A look at the research on this socialization debate shines further light on the issue.
There's no place like home
Why is there such a dichotomy in the socialization experienced between homeschoolers and conventional students? It all has to do with the learning environment.
The National Home Education Research Institute disclosed that the 36 to 54 hours that students spend in school-related weekly activities make peers and adults outside of the home the primary influences in children's lives - not the parents.
Realizing the harm that this constant exposure can produce, especially if it's not countered by involved parenting, most homeschoolers are well aware of their children's need for close one-to-one contact throughout the education process.
Jesus understood the importance of continual intimate contact with His students, as He ate, slept and fellowshipped with His disciples 24 hours a day. It is unlikely that Jesus would have entrusted their training to strangers.
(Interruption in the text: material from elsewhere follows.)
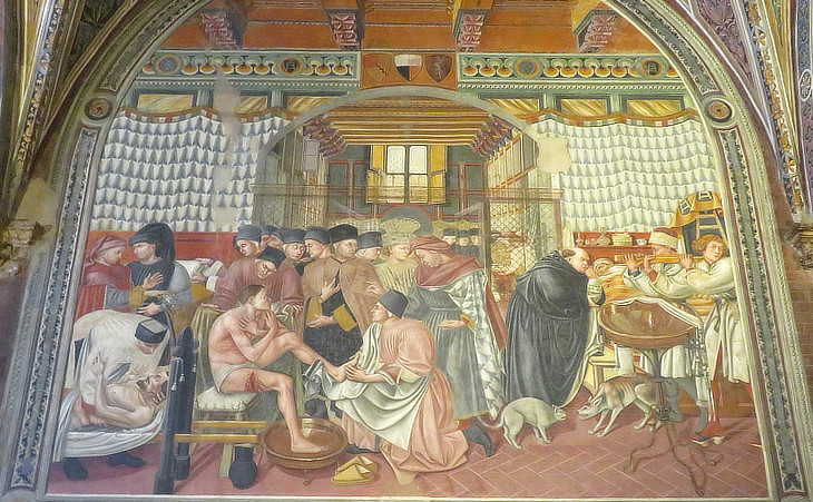 This is without doubt one of the most renowned frescoes among those painted on the walls of the Pellegrinaio, where the hand of Domenico di Bartolo indulges with extraordinary attention to detail. The scene unfolds in a large longitudinal space, covered by a beamed ceiling supported by large corbels. Near the center, above the keystone of the arch, are the coats of arms of the Capitano del Popolo, the Balzana (the black-and-white emblem of Siena), and that of Carlo d'Agnolino Bartoli, rector of Santa Maria and later bishop of the city. This detail has allowed scholars to confidently identify the setting as the Pellegrinaio, built in 1378, whose wooden ceiling was constructed during Bartoli's rectorship. At the far right of the fresco, two attendants are carrying a stretcher draped with a cloth bearing the symbols of the Scala. Behind them, a dying man is seen lying in bed, his head bandaged. A large Augustinian friar leans over the patient, likely hearing his confession. The central group features, in the foreground, a man wearing only a loincloth, with a large bleeding wound on his right thigh; one foot is soaking in a copper basin, while the other is being dried by a hospital friar. Near the centre of the scene stands a "cerusico" (a surgeon-physician), next to whom is the rector. Below, an orderly is laying a person onto a stretcher. In its extraordinary detail, the scene offers a vivid snapshot of medical care within the hospital. From the Museum website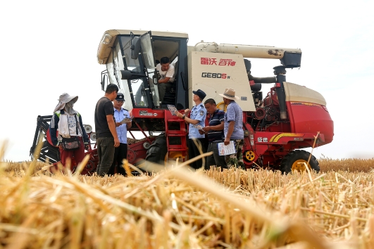 麥收時節(jié),山東省臨沂市郯城縣公安局泉源派出所民輔警走進田間地頭,向群眾宣講安全生產(chǎn)常識。 法治日報全媒體通訊員 李結(jié)義 曹坤 攝

So how do these different settings affect children? Dr. Thomas Smedley believes that homeschoolers have superior socialization skills, and his research supports this claim. He conducted a study in which he administered the Vineyard Adaptive Behavior Scales test to identify mature and well-adapted behaviors in children. Home learners ranked in the 84th percentile, compared to publicly schooled students, who were drastically lower in the 23rd.
Welcome to the real world
Many school socialization advocates argue that homeschooling precludes children from experiencing real life.
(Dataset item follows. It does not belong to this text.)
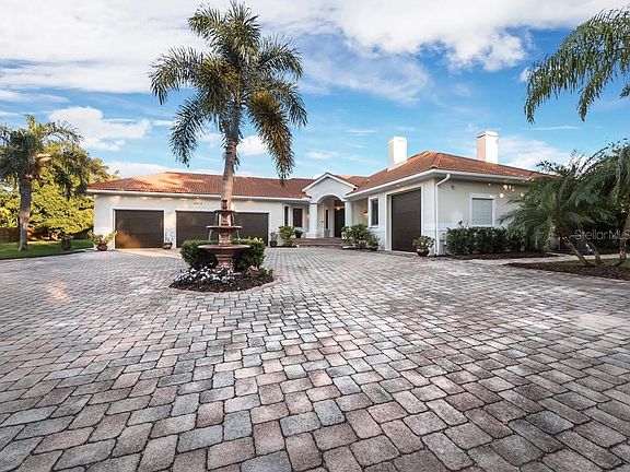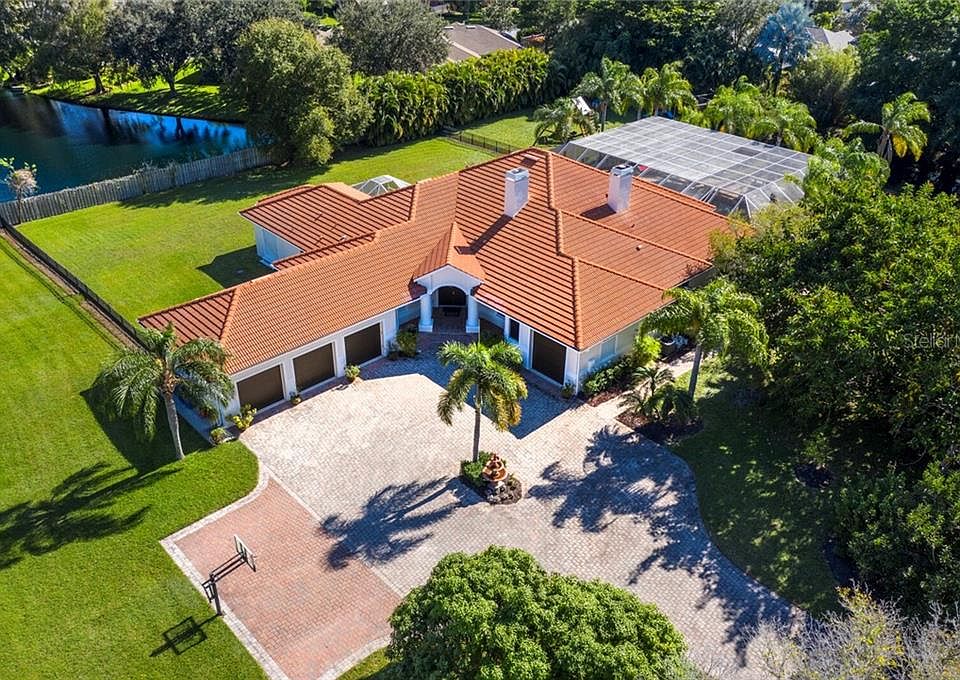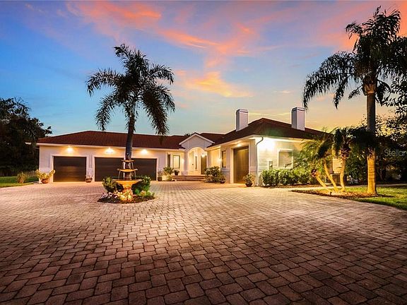 It is a true rarity to find this much private space nestled within a short distance to some of Sarasota's top-rated schools. Upon passing through the gates of this completely fenced property you are immediately engulfed in a sense of privacy and space. The long paver drive provides an abundance of parking and the open area is sprawling, perfect for playtime with family and pets. This wonderful 4-bedroom, 5-bath home with an office is remarkable in many ways. Upon entering the foyer one notices the intimate details and practical flow of the home. Open but separate, this home is incredibly user friendly with immediate views of the central living room and outdoor patio beyond. A chef's kitchen complete with stainless steel appliances and a convenient center island opens up to the breakfast room that is adorned with light through aquarium windows. The spacious family room is a wonderful spot to keep little ones close by but easily closed off to hide toys and such. The master suite features wood floors, tray ceilings, and French doors that open to the lanai. A marble and glass bathroom features dual sinks, a very spacious shower, and large jetted tub, a perfect blend of utility and space. This split plan design separates the 3 guest bedrooms from the master wing providing well-deserved privacy. Most notably recognized and appreciated are the outdoor living and entertaining area. Ample covered and open areas combine to make this the home where gatherings occur. The oversized covered lanai with a wood-burning fireplace and generous space for seating and alfresco dining is the epitome of indoor/outdoor living. All can appreciate the fully equipped summer kitchen complete with flat top grill, BBQ grill, refrigerator, sink, and Kegerator that seats 12 behind the multi-level bar. Tennessee River Rock adorns the entire lanai, spa, pool, and pool deck. The heated saltwater pool with beach entry, multi-colored lights, rock fountain, and 15-person spa with waterfall and stream that flows into the pool are undoubtedly the main focal point. Motorized outdoor window coverings for protection from the elements, an additional private screened area, separate fenced areas in the yard and garage space for four vehicles are but a few of the other features that make this home stand out. Surrounded by even more space, tropical landscaping and lighting, this will always be the home that folks want to visit and enjoy the embodiment of the Florida lifestyle. Schedule your tour of this special property today.

Instead of being locked behind school gates in what some would consider an artificial setting characterized by bells, forced silence and age-segregation, homeschoolers frequently extend their everyday classroom to fire departments, hospitals, museums, repair shops, city halls, national parks, churches and colleges, where real community interaction and contacts are made.
Dismantling the stereotype that home learners spend their days isolated from society at kitchen tables with workbooks in hand, NHERI reports that they actually participate in approximately five different social activities outside the home on a regular basis.
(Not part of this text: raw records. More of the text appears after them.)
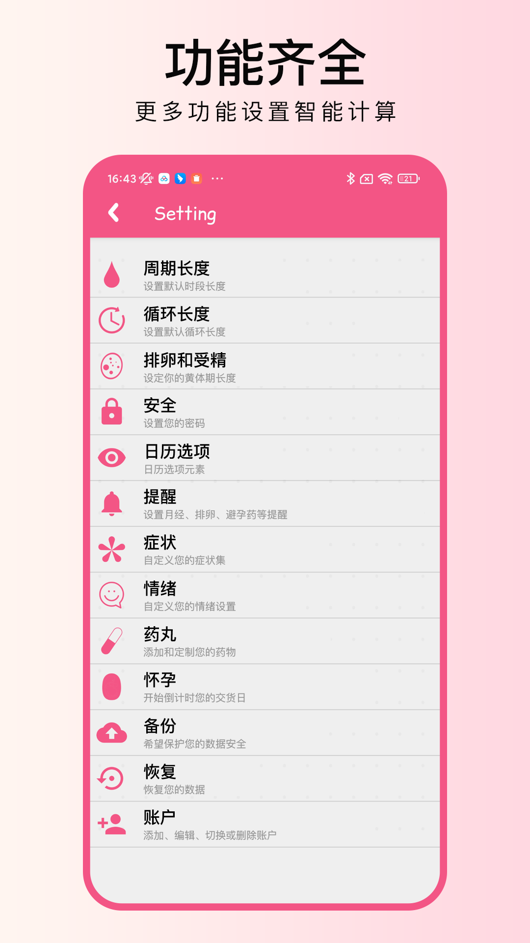 以记录的数据为依据,精准地预测经期,提前发出通知。并且能够推算出排卵期和安全期。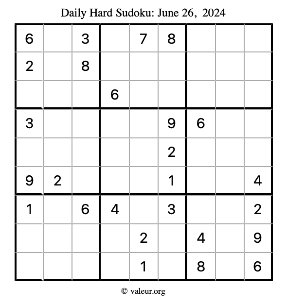 Here is the June 26, 2024 hard sudoku puzzle. You are welcome to print a copy to solve by hand. For your convenience, we have also included the solution further down the page so you can check your work.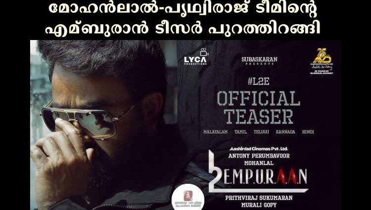 മലയാള സിനിമാ പ്രേക്ഷകർ ഏറെ ആകാംക്ഷയോടെ കാത്തിരിക്കുന്ന ചിത്രമാണ് മോഹൻലാല്-പൃഥ്വിരാജ് ടീമിന്റെ എമ്ബുരാൻ. മുരളി ഗോപിയുടെ തിരക്കഥയില് പൃഥ്വിരാജ് സംവിധാനം ചെയ്യുന്ന ചിത്രത്തിന്റെ ടീസർ ഞായറാഴ്ച പുറത്തിറങ്ങി.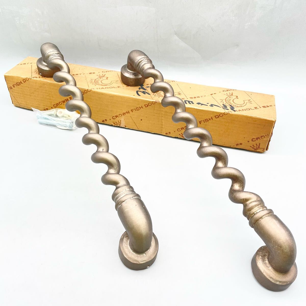 - [新品 未使用品] ANGEL エンゼル 冠魚印 ドアハンドル 466mm 大型 ドア 扉 玄関 ステンレス製 アンティーク レトロ 建具 金物屋 在庫品

Furthermore, researcher Linda Montgomery found that 78 percent of high school home learners were employed with paying jobs, while a majority engaged in volunteering and community service.
Research presented at the National Christian Home Educators Leadership Conference divulged that homeschool graduates far exceeded their public and private school counterparts in college by ranking the highest in 42 of 63 indicators of collegiate success. They were also ranked as being superior in four out of five achievement categories, including socialization, as they were assessed as being the most charismatic and influential.
Biblical or worldly socialization?
When most home educators and school administrators speak of successful socialization, are they referring to the same thing?
Education researcher Dr. Michael Mitchell found that being popular, aggressively competitive, materialistically driven and self-confident are traits promoted in conventional schools.
His study shows that these campus ideals are discouraged by Christian home educators in favor of building their children's character and dismantling selfish ambitions. Integrity, responsibility, respect for others, trust in God, biblical soundness and an amiable disposition topped the ideal social qualities they desired their youth to embody.
Many Christians who homeschool believe that the greatest socialization their children can have is to be trained to emulate Jesus, who is a servant of man. Home educators examined by Mitchell strive to dismantle any selfish ambitions and self-aggrandizement seen in their children, as opposed to cultivating them.
Getting ahead of one's peers is not consistent with Jesus' urging in Matthew 20:25b-28, which calls for Christians to seek a lowly and servile role to those around them. However, this does not mean that Christians are called to underachieve, as Colossians 3:23 exhorts readers to push for peak performance in every endeavor, but for the glory of God rather than for selfish ambition.